JEE Mains · Maths · STD 12 - 7.1 indefinite integral
The value of the integral \(\int_{-1}^2 \log _e\left(x+\sqrt{x^2+1}\right) d x\) is :
- A \(\sqrt{5}-\sqrt{2}+\log _{\mathrm{e}}\left(\frac{9+4 \sqrt{5}}{1+\sqrt{2}}\right)\)
- B \(\sqrt{2}-\sqrt{5}+\log _{\mathrm{e}}\left(\frac{9+4 \sqrt{5}}{1+\sqrt{2}}\right)\)
- C \(\sqrt{5}-\sqrt{2}+\log _{\mathrm{e}}\left(\frac{7+4 \sqrt{5}}{1+\sqrt{2}}\right)\)

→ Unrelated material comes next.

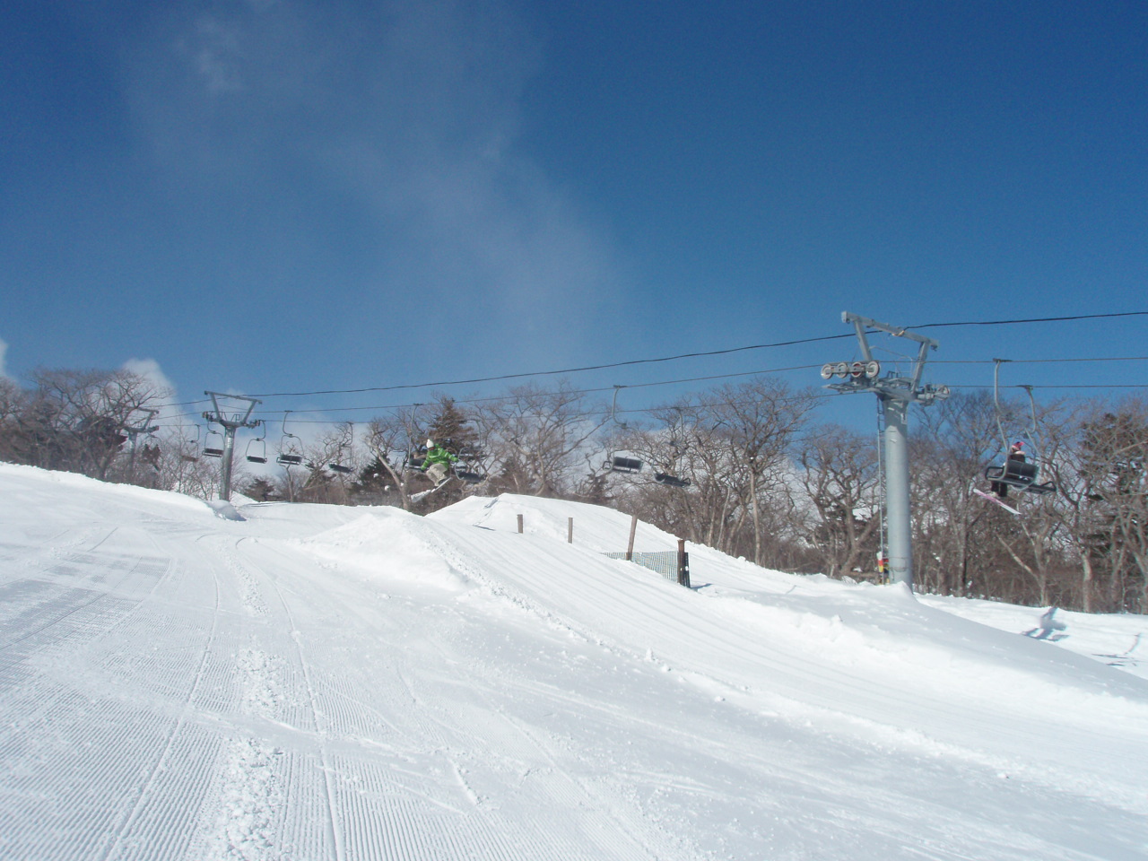 ゲレンデはコーデュロイ。ひっさびさに気持ちの良い圧雪でした。
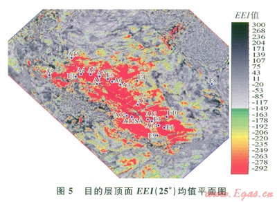 5為從反演得到的EEI(25°)屬性沿目的層頂面開(kāi)l0ms時(shí)窗提取的算術(shù)平均值平面圖,圖中綠色到紅色對(duì)應(yīng)EEI值小于-l50,并且顏色從綠色到紅色對(duì)應(yīng)的EEI值逐漸降低。結(jié)合本區(qū)的鉆井情況和構(gòu)造形態(tài)可知,圖5中紅色異常范圍(EEI值小于-150的范圍)與該層鉆井證實(shí)的含氣范圍吻合好。在EEI屬性平面圖上,鉆遇水層的E9井處EEI屬性表現(xiàn)為水層特征,而其他含氣性好的井則對(duì)應(yīng)相對(duì)低的EEI值,這說(shuō)明利用EEI屬性能有效地區(qū)分出氣層和水層。另外,A9井區(qū)物性較好的位置主要集中在構(gòu)造高部位,即A9井的周圍,但是分布的范圍較小,這可能就是A9井生產(chǎn)過(guò)程中壓力下降較快的一個(gè)原因。

- D \(\sqrt{2}-\sqrt{5}+\log _{\mathrm{e}}\left(\frac{7+4 \sqrt{5}}{1+\sqrt{2}}\right)\)
Answer & Solution
Correct Answer
(B) \(\sqrt{2}-\sqrt{5}+\log _{\mathrm{e}}\left(\frac{9+4 \sqrt{5}}{1+\sqrt{2}}\right)\)
Step-by-step Solution
Detailed explanation
\( I=\int_{-1}^2 1 \log _e\left(x+\sqrt{x^2+1}\right) d x \) \( =x \log _e\left(x+\sqrt{x^2+1}\right)-\int_{-1}^2\left(\frac{1+\frac{x}{\sqrt{x^2+1}}}{x+\sqrt{x^2+1}}\right) d x \) \( =x \log _e\left(x+\sqrt{x^2+1}\right)-\int_{-1}^2 \frac{x}{\sqrt{x^2+1}} d x \)…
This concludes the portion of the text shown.